Harlow vs Urban District Council

The above case came to the Court of Appeal in May 1958 and concerned a most unfortunate situation, which befell a lady attempting to use a public convenience operated by the defendant local authority. The claimant attempted to use the facility before she caught a bus with her husband. After telling him her intentions, she entered the lavatory building, went to the furthest cubicle, paid her penny to allow access, entered and shut the door. Her troubles began when she noticed the inside handle of the door was missing and she was stuck. There was no notice or warning on the cubicle that it was faulty and should not be used.

The lavatory attendant employed by the defendant council was absent. She then tried in vain for some 10 to 15 minutes to try and attract attention by banging on the door and shouting, and by banging on the window visible to the outside world. At this point she decided to see if she could attract attention by shouting waving or appearing over the top of the lavatory door. She thought also that she could perhaps climb out. Having climbed onto the toilet, putting one foot on the toilet roll holder and hanging on to a pipe she soon realised she could not. On climbing down, she allowed her weight to fall on the toilet roll holder, which turned round causing her to slip and fall. She was injured in a way described in the case as "not trivial…(but) not serious".1

In the claimant's action for damages against the defendants, they were found to be negligent. However they were found not to be liable for the damages caused to the claimant, as they were too remote. The defendants made no appeal against the finding of their negligence, but the claimant asked the Court of Appeal to review the judgement on her damages. Remoteness is a doctrine long held in English law as a defence to damages claims, which seeks to limit liability as the result of an act of negligence. McKendrick explains the justification for the doctrine as trying to prevent the unfairness of allowing a negligent party to be liable for every injury that could be linked, however tenuously to the act of negligence.2

Without this rule it could be possible for a claimant to break a heel on a broken pavestone, then sue for damages if she fell the next day, blaming the fall on uncomfortable shoes she would not have been wearing had the original pair not been broken. In answering the question of remoteness the judges followed the established rule of first set out in Hadley v Baxendale (1854), 9 Exch. 341; 23 L.J.Ex. 179. This states that for the negligent party to liable for the loss in question it must be a natural and probable consequence of the negligence, and has been affirmed many times in cases since.

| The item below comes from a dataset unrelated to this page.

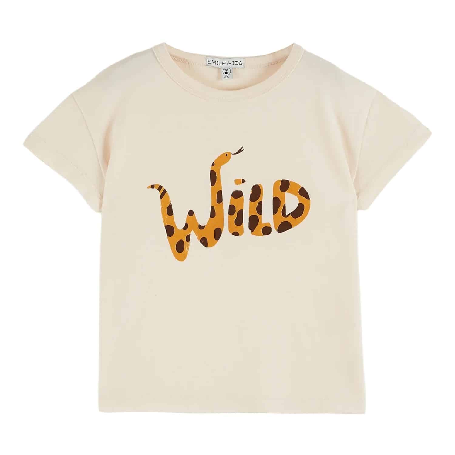 Cremefarbenes T-Shirt aus Bio-Baumwolle mit einer Schlange in Karamell und schwarzen Punkten.

The judges concurred that the answer in this case was no, the damage was not too remote. In his reasoning Lord Morris was clear in his application of the Hadley v Baxendale test saying: "The most natural and reasonable action on the part of someone who finds herself undersignedly confined is to seek the means of escape. Those who are responsible for the unjustifiable detention can hardly, either with good grace or with sound reason, be entitled to be astute in offering criticism of the actions of the unfortunate victim." 

He proceed to explain his following of reasoning given by Field J, in Robson v North Eastern Ry. Co4 who said: "if a person by a negligent breach of duty expose the person towards whom the duty is contracted to obvious peril, the act of the latter in endeavouring to escape from the peril, although it may be the immediate cause of the injury, is not the less to be regarded as the wrongful act of the wrongdoer." He continued his reference to that judgement to explain the extension of this reasoning to include grave inconvenience in the subsequent case, Adams v Lancashire and Yorkshire Ry. Co.5

Adams had been cited as an authority for the Sayers case and had been relied on heavily in the original hearing, and by the defence in the appeal, but was distinguished most emphatically, in particular by Lord Evershed. He refuted the claim that in both situations the claimant had suffered a minor inconvenience, saying the inconvenience to the claimant in Sayers was in fact "appreciable, if not substantial". He also stated the current case was distinguished from Adams on the level of danger in which the claimant had put herself, in relation to the inconvenience she was in, describing it as "not unreasonable".